Stored data entries:
——————————

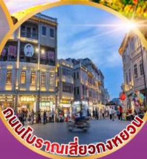
ถนนโบราณเสี่ยวกงหยวน
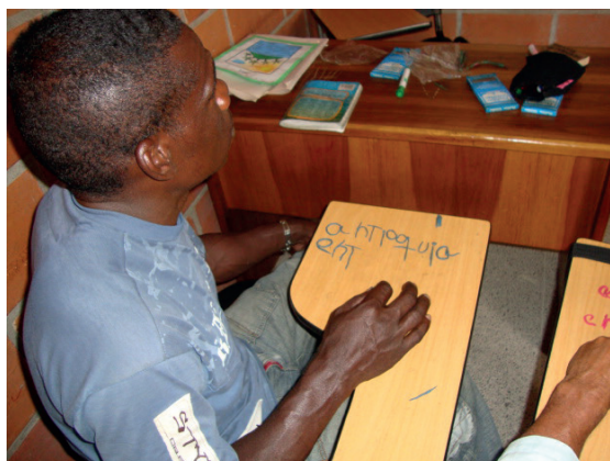
Imagen 3. Desarrollo motriz de estudiante con dislexia

Aprestamiento motriz fino a partir de la manipulación de plastilina y repaso del alfabeto; estudiante de primer grado que presenta múltiples características de dislexia (trastorno de la lectura). Foto tomada por Luisa Fernanda Ríos, julio de 2011.
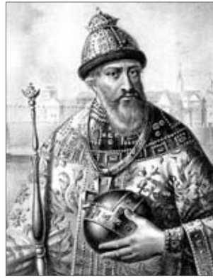
♦ Car Wasyl Szujski, rycina z XIX wieku
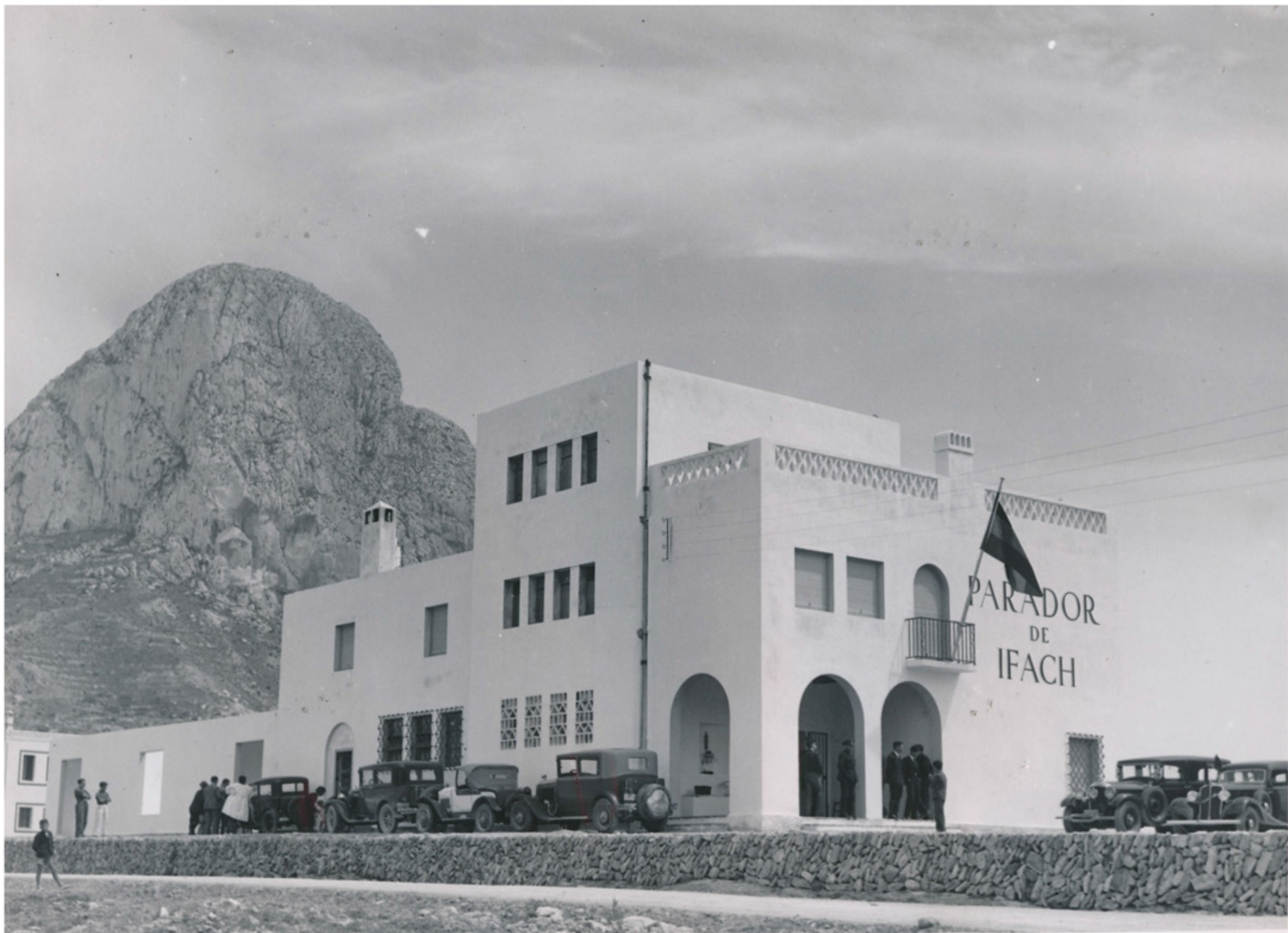
Parador de Ifach (Calpe, Alicante) -. Fecha: 1942
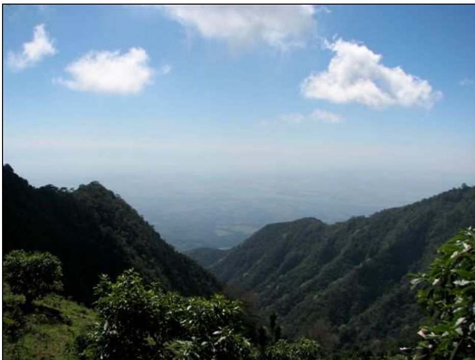
Reserva Natural Privada Santa Isabel. Pueblo Nuevo Viñas, Santa Rosa.

Consejo Nacional de Áreas Protegidas -CONAP-
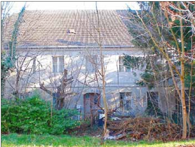
Dammzollstraße 27 heute, mittig
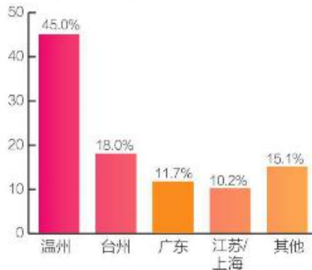
参展企业地域来源
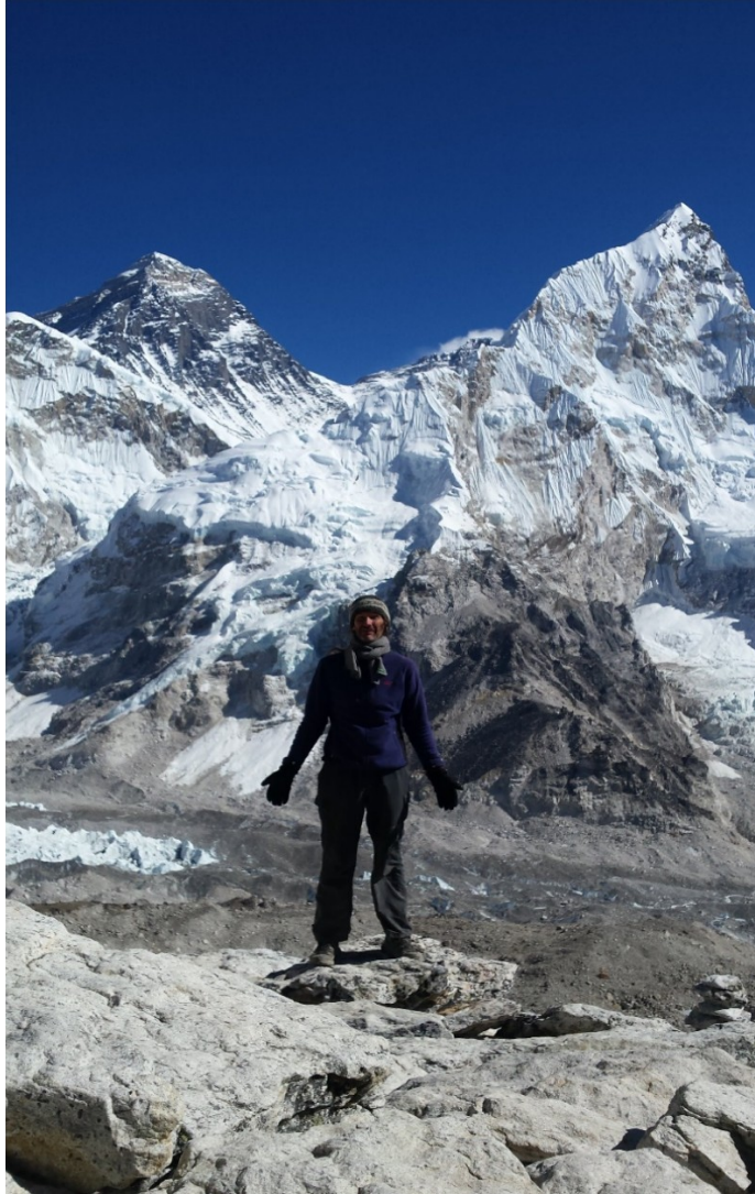
Figure 2: Devant l'Everest depuis le Kala Patthar et ses 5640M.

Malgré un œdème pulmonaire et une expérience mystique entre la vie et la mort, l'aventure s'avère si extraordinairement ésotérique que j'y retournerai plusieurs fois en profitant pour parcourir l'Inde sacrée du Nord ainsi que le petit royaume du Sikkim !
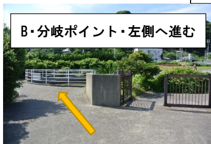
B・分岐ポイント・左側へ進む
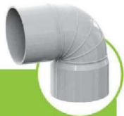
زانو دو سر کوپله ۹۰ درجه 45-DEGREE DOUBLE-COUPLING ELBOW
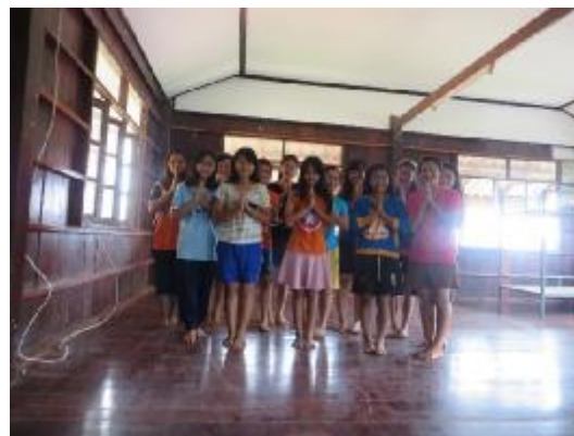
子供たちのお礼の写真を届けます

——————————

Instructions to follow
Whenever a line above contains "estudiante", copy that line.

Solution for this task
Imagen 3. Desarrollo motriz de estudiante con dislexia
Aprestamiento motriz fino a partir de la manipulación de plastilina y repaso del alfabeto; estudiante de primer grado que presenta múltiples características de dislexia (trastorno de la lectura). Foto tomada por Luisa Fernanda Ríos, julio de 2011.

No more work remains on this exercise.